The National Eating Disorders Association in the US estimates that some 20 million women a year are struggling with eating disorders. Conditions such as anorexia and bulimia are now widely covered by the media.
There is a huge amount of support information and data on this complex issue. However, the advent of social media compounds the issue with the promotion of self-image.
Going hand in hand with academic research are biographies, self-help books, TV documentaries and films. Going back as far as 1999 there was Girl Interrupted; Hunger Point in 2003 and more recently in 2017 there was To The Bone.
Without going into a deep analysis, it is possible to make a few helpful generalisations.
- Self image plays a large part in the syndrome
- Sexuality to make yourself attractive
- Reproduction: sexuality and attractiveness is linked to the biological function of fertility.
So here we have two important functions of life, sexuality and reproduction both impacted by eating disorders.
So what do we know about the direct impact of eating disorders on fertility?
The good news is that a past history of eating disorders does not seem to have a major impact on future fertility.
Research carried out in 2011 in the UK on 500 women with eating disorders found that:
* These women were no more likely than other women to take longer than a year to conceive.
* A higher percentage did take more than 6 months to achieve a pregnancy: 39% vs. 25%.
IVF is more common in women with a past history of eating disorders
The report found that women with an eating disorder in the past were more than twice as likely to have received IVF. Overall 6 had IVF treatment vs. only 2.7% than those who had never reported an eating disorder.

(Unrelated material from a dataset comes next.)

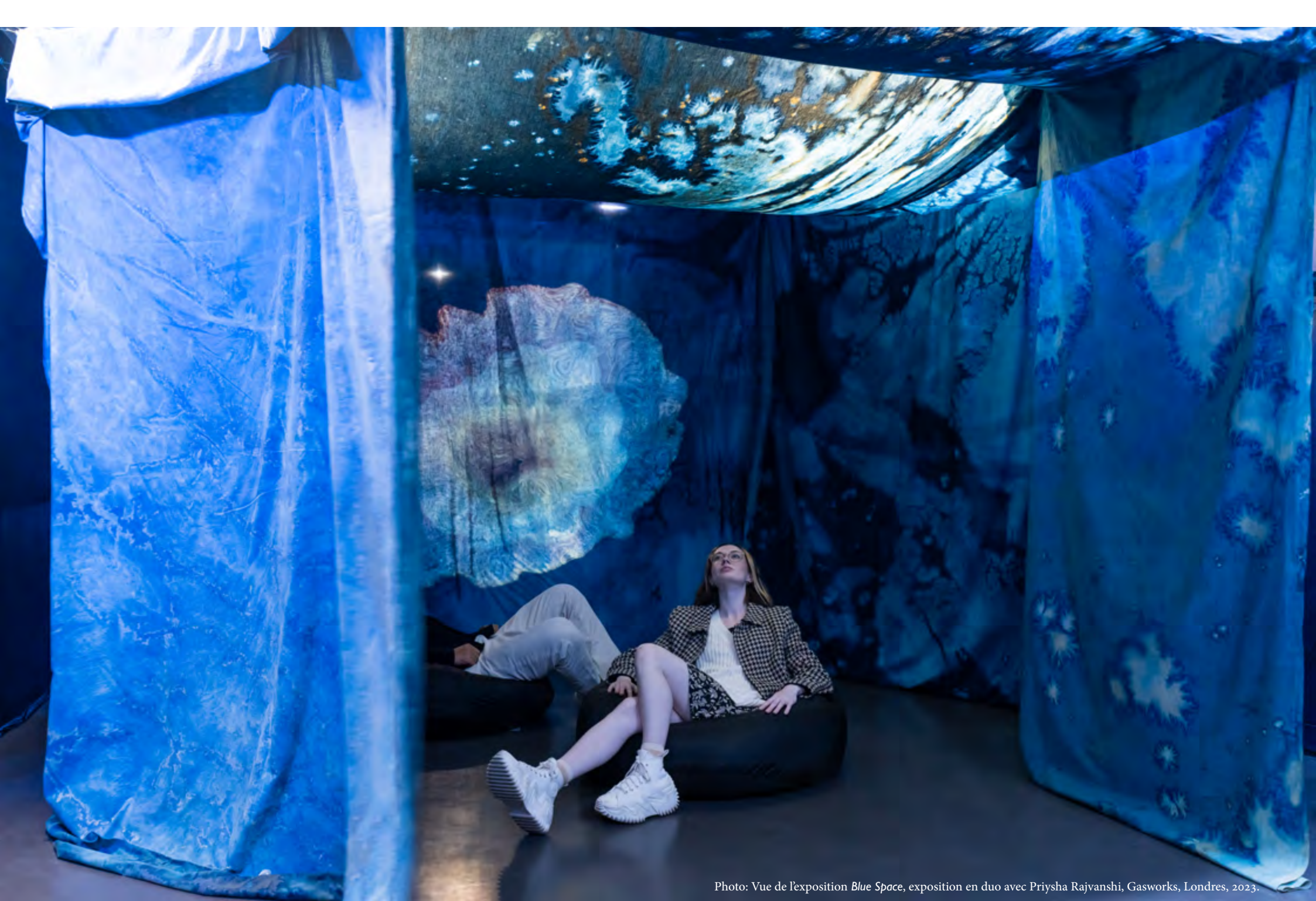
Photo: Vue de l'exposition Blue Space , exposition en duo avec Priysha Rajvanshi, Gasworks, Londres, 2023.

Additional findings of the research included:
- 41% of women with past or current eating disorders reported that their pregnancies were unplanned, compared to 28% of women with no such history
- 71% of women reported being happy to discover they were pregnant/
- Women with anorexia or bulimia were more than twice as likely to report feeling unhappy about their pregnancies (10% vs. 4%)
Women with an eating disorder or history of one were also more than twice as likely to consider motherhood a personal sacrifice.

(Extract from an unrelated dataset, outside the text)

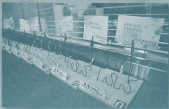
青少年親手製作禮物。
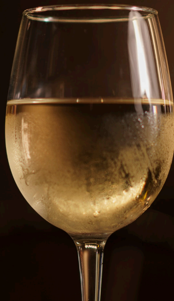
Vino Verde Bico Amarelo (Esporão)

Researchers said, “Many women with a history of eating disorders felt unable to inform health care professionals of their illness. We encourage women to discuss this with their doctors when planning a pregnancy.”

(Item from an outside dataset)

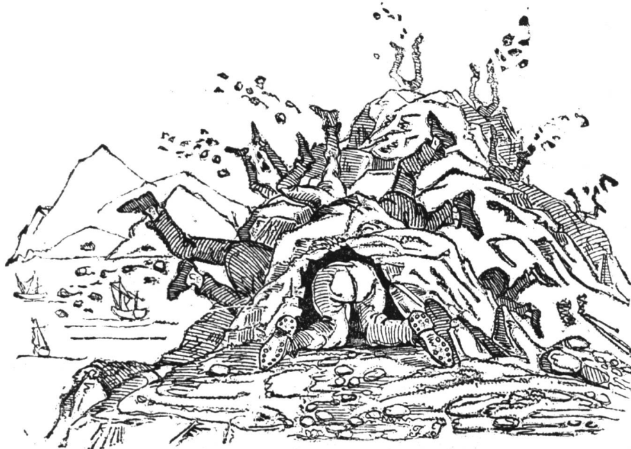
Ansicht von Kalifornien.

The researchers were also concerned that providers might fail to recognise women who have experienced eating disorders. These patients might need extra support during pregnancy and after giving birth.
As one lead investigator said, “This research shows that an eating disorder history should be seen as a warning sign. These women may have additional challenges associated with pregnancy.”
What is new?
In today’s Fit bit driven world, a new type of eating disorder is also on the rise – Relative Energy Deficiency Syndrome (RED-S).
RED-S occurs in athletic young women who go on highly aggressive diets combined with a punishing exercise regime. There is a gross imbalance between nutritional intake and the amount of energy that is expended during sports or exercise.
This causes stresses in the complex interaction between the brain and ovary. This can lead to decreased hormone levels, resulting in a lack of ovulation and decreased bone density. It may also lead to a compromised reproductive system later in life.
Often coaches, parents, paediatricians, family physicians and the women themselves are not aware of the health risks. Women can protect themselves from RED-S if they set realistic expectations for themselves. They need to understand nutritional intake and exercise. They also need to allow the body sufficient time to recover between bouts of heavy exercise.
All eating disorders require medical treatment.
The take home messages are:
- IVF clinics should ask patients to disclose any history of eating disorders so treatment can be tailored.
- Ensure young women are not pushing themselves too far.